デザインはいかがですか。 THRはやっぱり「デザイン」だよ。音も機能もいいけどね。ヤマハの人がいないから言うけどさ(笑)、久々にいいデザインだね。「これヤマハが61年に最初に出したアンプでさ、30万したんだよ」って言っても、信じるヤツ、いるんじゃないの? レトロなデザインや色、電源を入れると真空管みたいにジワーっと光が入るところなんかに、このアンプを作った人たちの遊び心を感じるよね。そういうのってギタリストの心に響くんだよ。レトロなデザインの内側の見えないところにあるデジタルの中身もしっかりできていると思うし。だいたい、この鉄のハンドルもすごいよね。普通これしないよね。でもこれがいちばん頑丈なんだよ。壊れないから。長年の経験からね(笑)。
部屋に置いても、アンプっぽくなくていいですよね。 いい感じだよね。だいたい自分の家でマーシャルをガンガン鳴らせる人って、いまどき、日本じゃほとんどいないでしょ。このくらいの大きさのものって日本の環境にも合っているし、家で弾くのにすごくいいと思うよ。昨今はヘッドフォンで練習している若者も増えているらしいけど、音楽なんてヘッドフォンで聴くもんじゃないしさ。こっちのほうがずっといいよ。エレキって、所詮アンプあってのエレキで、2つで1つの楽器なんだよね。俺、いつも家ではアコギ弾いてるけど、こいつが家にあったら、ついエレキ弾いちゃうね。
エフェクターやアンプシミュレーターをこのサイズにまで凝縮したのが良かったのでしょうか。 そうだね。アンプ作りやデジタル技術を含めて、今までヤマハが培ってきた技術があるから、ここまでコンパクトにできたんだろうね。しかもツマミをやたらとつけずに最小限に絞り込んで、レトロなデザインにして。それが勝利だと思うよ。実はエレキギターって誕生してからさほど変わっていなくて、ある意味完成されているって言い方もできるのかもしれない。逆にアンプってものすごく進化して、レコーディング機材も含めてデジタルになって、一時期は大きいラックを積み上げるのがデジタル系のギタリストだったけど、そのデジタルがいくところまで行き着いて、ここまでコンパクトでアナログのニュアンスを持ったアンプが出てきたんだと思うよ。すごいよね。ここまで来たか、と。

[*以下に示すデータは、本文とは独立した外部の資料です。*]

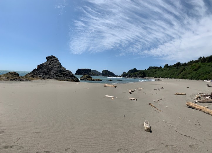 Now an annual family tradition, our final stop before home was Harris Beach State Park. Just north of Brookings, this is a very popular campground uphill from the beach. The beach itself is divided in two by a dramatic rock outcropping. The sunset views from the rocks or the north beach leave little to the imagination, and attract many shutterbugs as a result.

THRをギタリストの方々に勧めるとしたら? 初心者からプロまで楽しめるんじゃないかな。コストパフォーマンスは最高だね!家で弾くアンプとしては理想的、だよ。ホント、遊びやすいアンプだと思うよ。ずっと弾きたくなるアンプだよね。
アコースティックギターはずっとヤマハ「L51」。
1975年以来35年間、これに勝つギターはなかった。
ヤマハとのつきあいを教えていただけますか。 そりゃー長いよ。最初に買ったピアノがヤマハだしさ。そのピアノは今でも持ってるし。買った時はデカくて、家に入れるのがたいへんだったよ(笑)。『PIANO』っていう歌の歌詞になってるけど、あれは本当。ピアノを滑車で上げて二階から入れてって大騒ぎでさ。近所の人が集まって来ちゃった(笑)。その後はバンドでヤマハのライトミュージックコンテストに出たりした。道玄坂のヤマハの入り口にステージが作ってあって、そこで演奏したのを覚えている。上のスタジオにもよく出入りしていたね。ギターでいうと、初めて俺が買ったヤマハは1975年に買ったアコースティックギターの「L51」かな。

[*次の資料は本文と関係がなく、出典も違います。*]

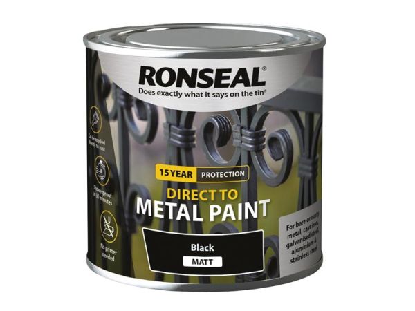 1 x Ronseal Direct to Metal Paint Black Matt 250ml

アコースティックギターはずっとヤマハのL51がメインですよね。 L51を買う前はアメリカ製のアコギを使っていたけど、これが固くて弾きづらくて。ライトゲージじゃぜんぜん鳴らない。アメリカのギターはどれもやっぱり外人向けだなって痛感した。その後L51が来てからは、ずっとあれ1本だね。ネックも自分にぴったりだし。スタジオミュージシャンをやってる時から使っているけど、音、いいもんね。綺麗な音で録れてる。アコースティックギターは生音がよくないと弾く気がしないけど、その後いろんなギターを弾いたけど、ヤマハのL51に勝つものはなかったんだよ。

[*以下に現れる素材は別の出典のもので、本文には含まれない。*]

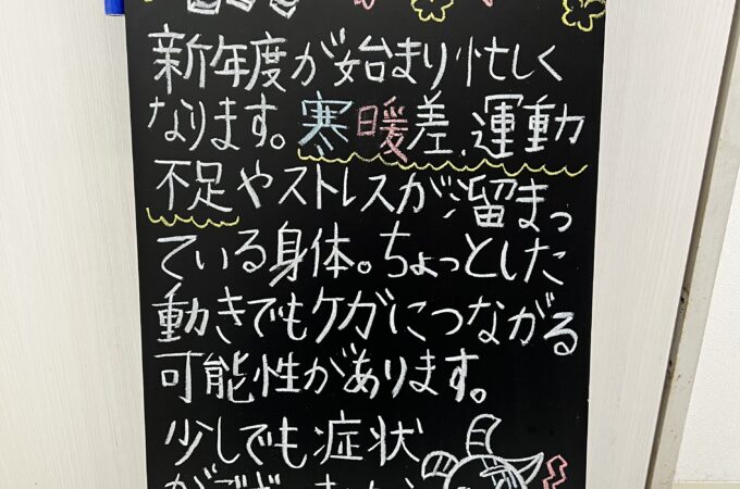 4月になりました!! 新年度が始まり、忙しくなります。 寒暖差、運動不足やストレスが溜まっている身体。 ちょっとした動きでもケガに...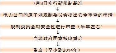 但根據核電重啟的程序,核電重啟預計最早可能也要到2014年。日本核電重啟程序如下圖所示。

L51は一度ネックが折れたと聞きました。 そうなんだよ! 野外で演奏してる時、スタンドに立ててたら風で倒れちゃって折れて。もう直らないと思ってショックだったけど、ギターの職人さんはさすがだよね。綺麗に直してくれて骨折した部分は前より強くなって帰ってきた。俺はあんまり楽器を大事にする方じゃないけど、それ以来L51は一応大事にしてる。
「TRADROCK」は原点に戻ってギターで表現できることを見つめ直すプロジェクト。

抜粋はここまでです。